If a breakpoint is set, once the named step has been compiled the planner discards every subsequent step — with one vital exception: the cleanup task is always kept, guaranteeing the host is never left with orphaned mounts. The environment stops mid-flight, mounted and ready for manual inspection.

🔧 The normalization pass

After the loop, a final pass enforces coherence: every task that declares a work_dir gets the real workspace path, every task that declares (or needs, because chroot: true) a live_root gets <work_dir>/liveroot. The Brain never has to spell out absolute paths.

🐞 --debug

With the debug flag, the plan is pretty-printed to the terminal and coa exits without remastering — the fastest way to inspect exactly what oa would receive.

The result is written by savePlan() to /tmp/coa/oa-plan.json.

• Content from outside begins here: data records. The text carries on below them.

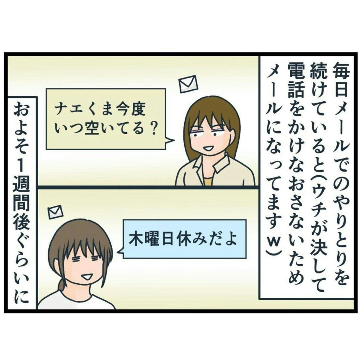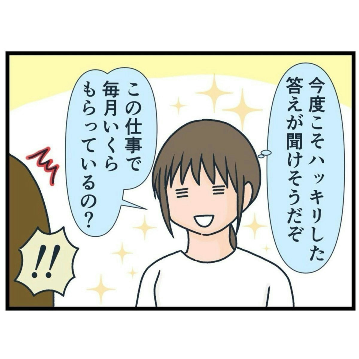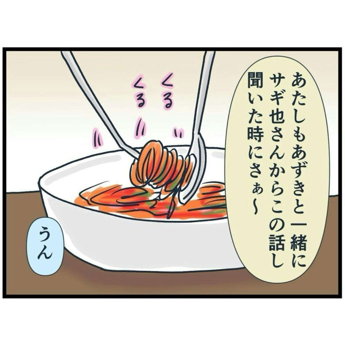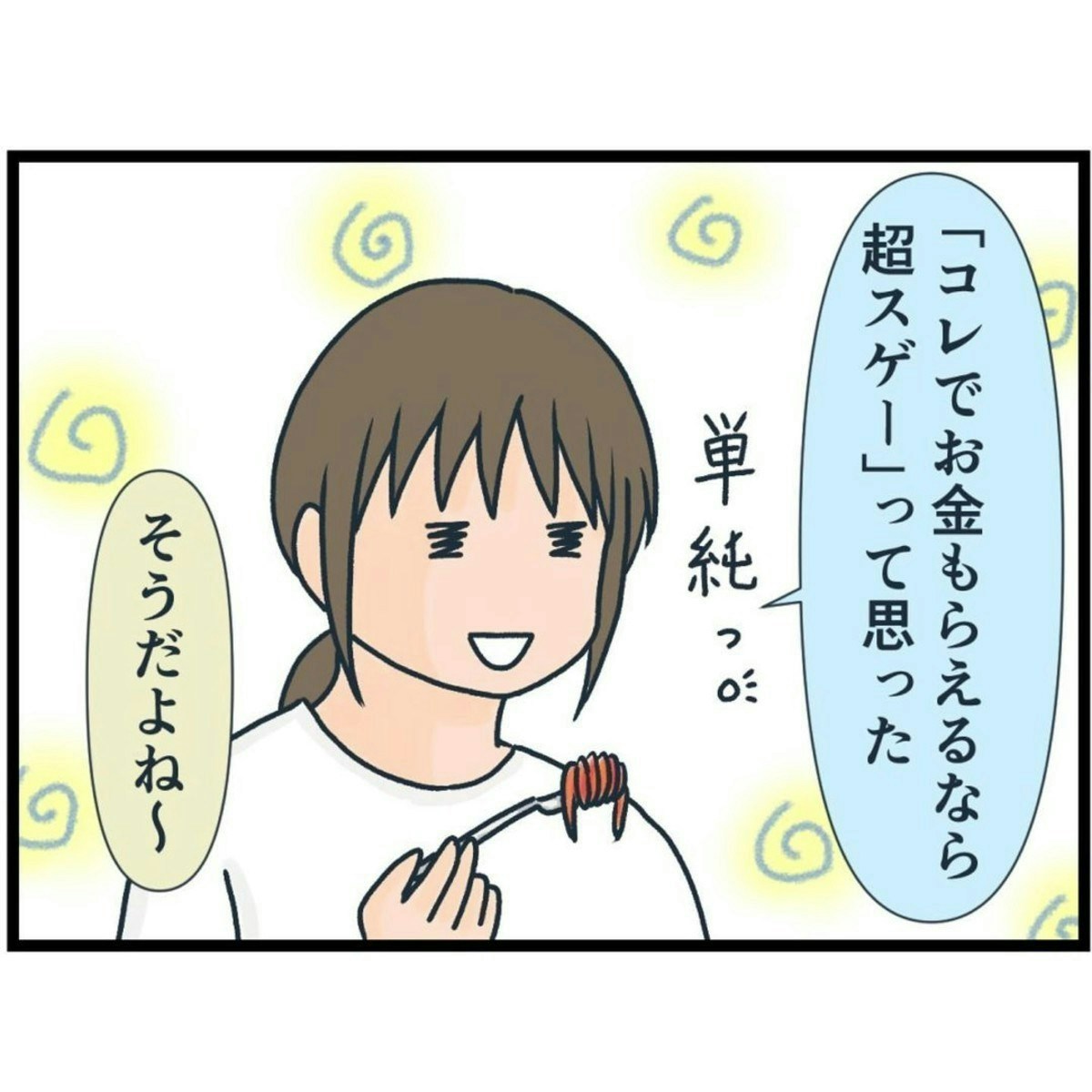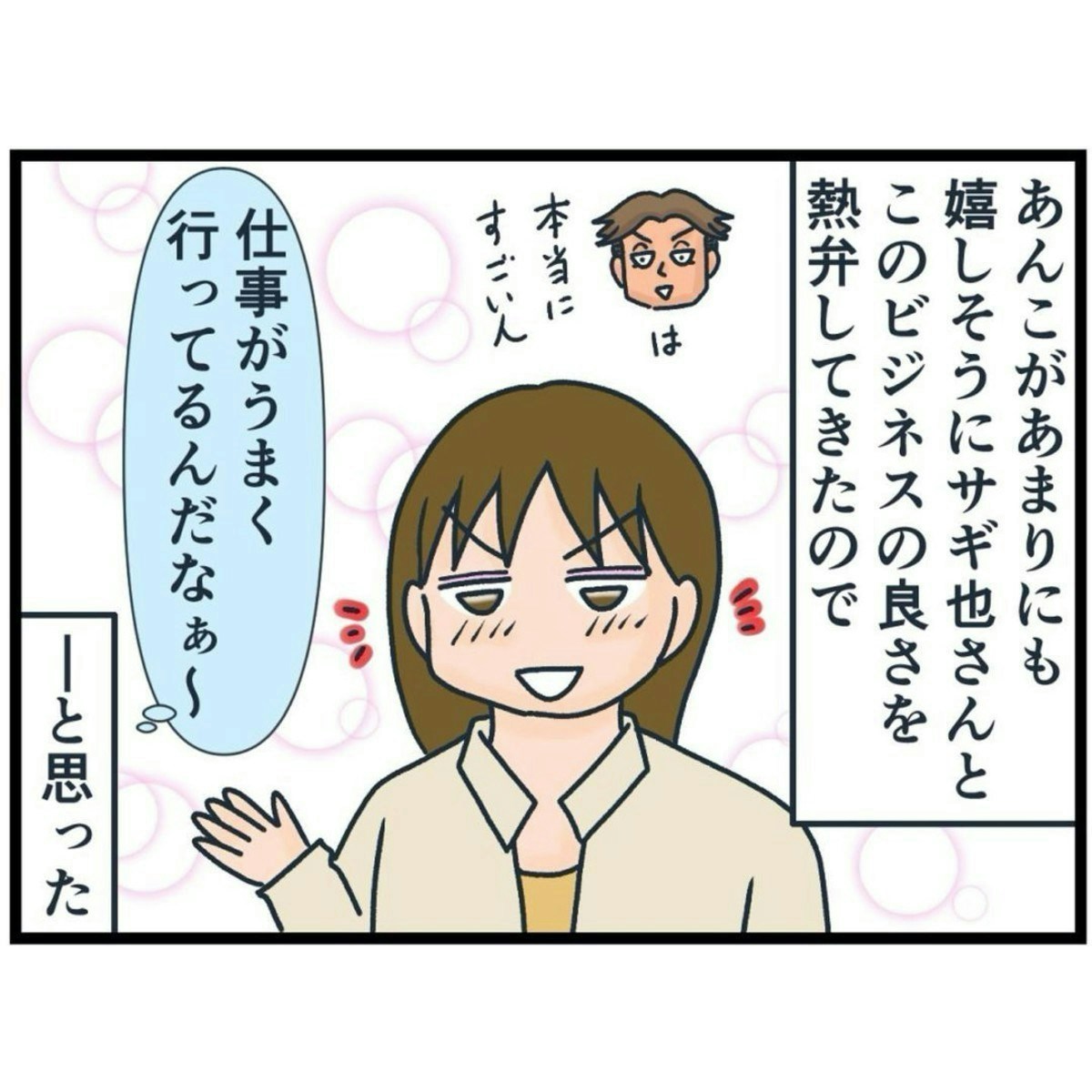 約束の日には、あずきとその友人・あんこ、そしてあずきとあんこが尊敬する・サギ也という人が同席しました。サギ也はあずきとあんこの上司に当たる人で、一緒に入ったファミレスで「調子のいいバイト」の説明がされます。所々、怪しいと思う点があったものの、「あずきの紹介する話だから大丈夫」と思ったナエくまさんは、そのバイトに登録します。
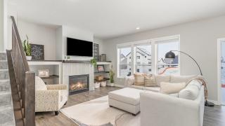 Why build? This beautiful open concept floorplan has much to offer with the main level flex room (office or playroom), a large LR with a gas FP flanked by built-in shelving, kitchen boasts a large center island with seating, SS appliances and tile backsplash and quartz countertops. The mud room, walk-in closet, walk-in pantry, half bath and access to the garage finish off this level. Upper level includes the primary bedroom and three add'l bedrooms, laundry room and a full hall bath. The vaulted primary bedroom has a custom closet system w/built-in dressers and more. The primary bath has two sinks, and a separate bathtub/shower. The lower level has a large FR w/space for a pool table (included), a 5th bedroom, 3/4 bath and a large utility/storage room. The sliding glass door leads to the concrete stamped patio. There is a tech package for media and surround sound. The garage is fully insulated and painted and has an epoxy floor.
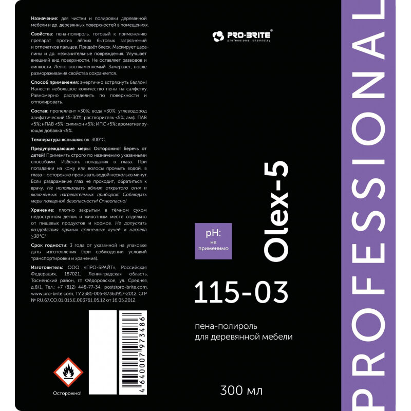 Полироль-пена для деревянной мебели Pro-Brite Olex-5 Professional 300мл аэрозоль арт.115-03 (Ст.20)
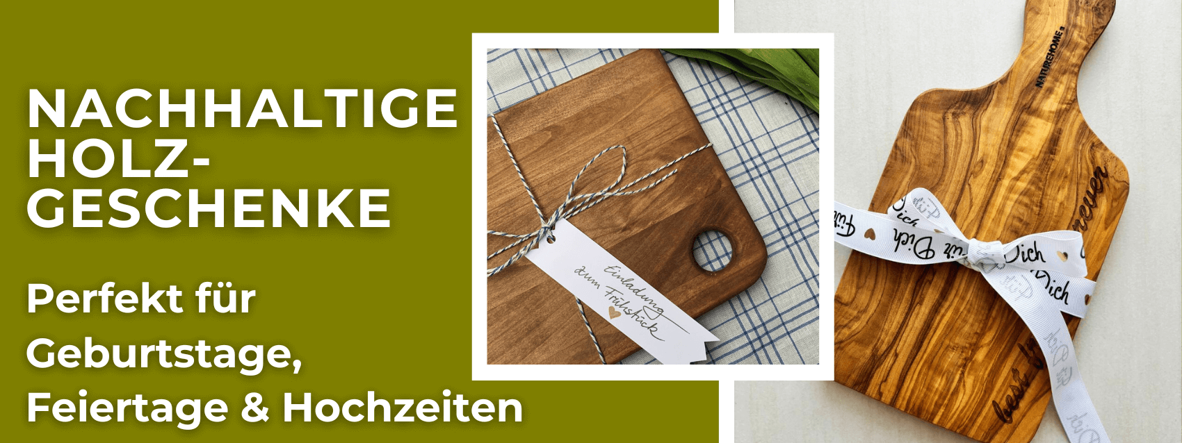Du suchst eine exklusive Geschenkidee, die sowohl emotional als auch ästhetisch überzeugt? Dann sind die handgefertigten Holzgeschenke von NATUREHOME genau das Richtige für dich. Ob stilvolles Schneidebrett, edle Schale oder praktisches Accessoire – jedes Produkt wird aus Holz gefertigt und mit großer Sorgfalt hergestellt.
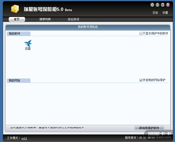 问题描述:“瑞星帐号保险柜”不知什么原因,主界面“首页”我的网站全是空白,昨天在“推荐列表”中添加的QQ,今天也不显示了,

🧹 3. Data Safety: GenerateExcludeList()

Called by remaster before planning, it generates /tmp/coa/excludes.list — what mksquashfs must not put into the ISO:

  • Virtual and temporary filesystems: dev, proc, sys, run, tmp, var/tmp (including hidden files via the .??* pattern), plus the workspace itself (home/eggs/.overlay, home/eggs/isodir, previous *.iso).
  • System identity: etc/fstab, etc/mtab, host SSH keys (etc/ssh/ssh_host_*), saved network connections (NetworkManager/system-connections/* and its secret_key), persistent udev rules, swapfile.
  • Package caches: apt archives and the heavy *.bin indexes, pacman/pkg, dnf.
  • The Debian cryptdisks hack: a single wildcard (etc/rc*.d/*cryptdisks*) — mksquashfs -wildcards does the scanning, no Go code needed.
  • Privacy by --mode: in standard mode root/* (hidden files included) is razed; in clone/crypted user data survives but shell histories, trash bins and browser caches are still purged.
  • GitHub Actions slimming: on a runner, usr, var and opt are stripped — the structural smoketest exercises the whole chain (mksquashfs, xorriso, umount) in minutes, producing a non-functional but valid ISO.
  • User exclusions: /etc/oa-tools.d/custom.exclude.list, if present, is sanitized (comments skipped, leading slashes removed) and appended.

💡 Pro insight

The planner is the last point where decisions are made. Downstream of oa-plan.json there is only execution: oa walks the array and routes each task by module — natively in C or to coa ell. If something behaves unexpectedly, coa remaster --debug shows you the exact contract handed to the engines.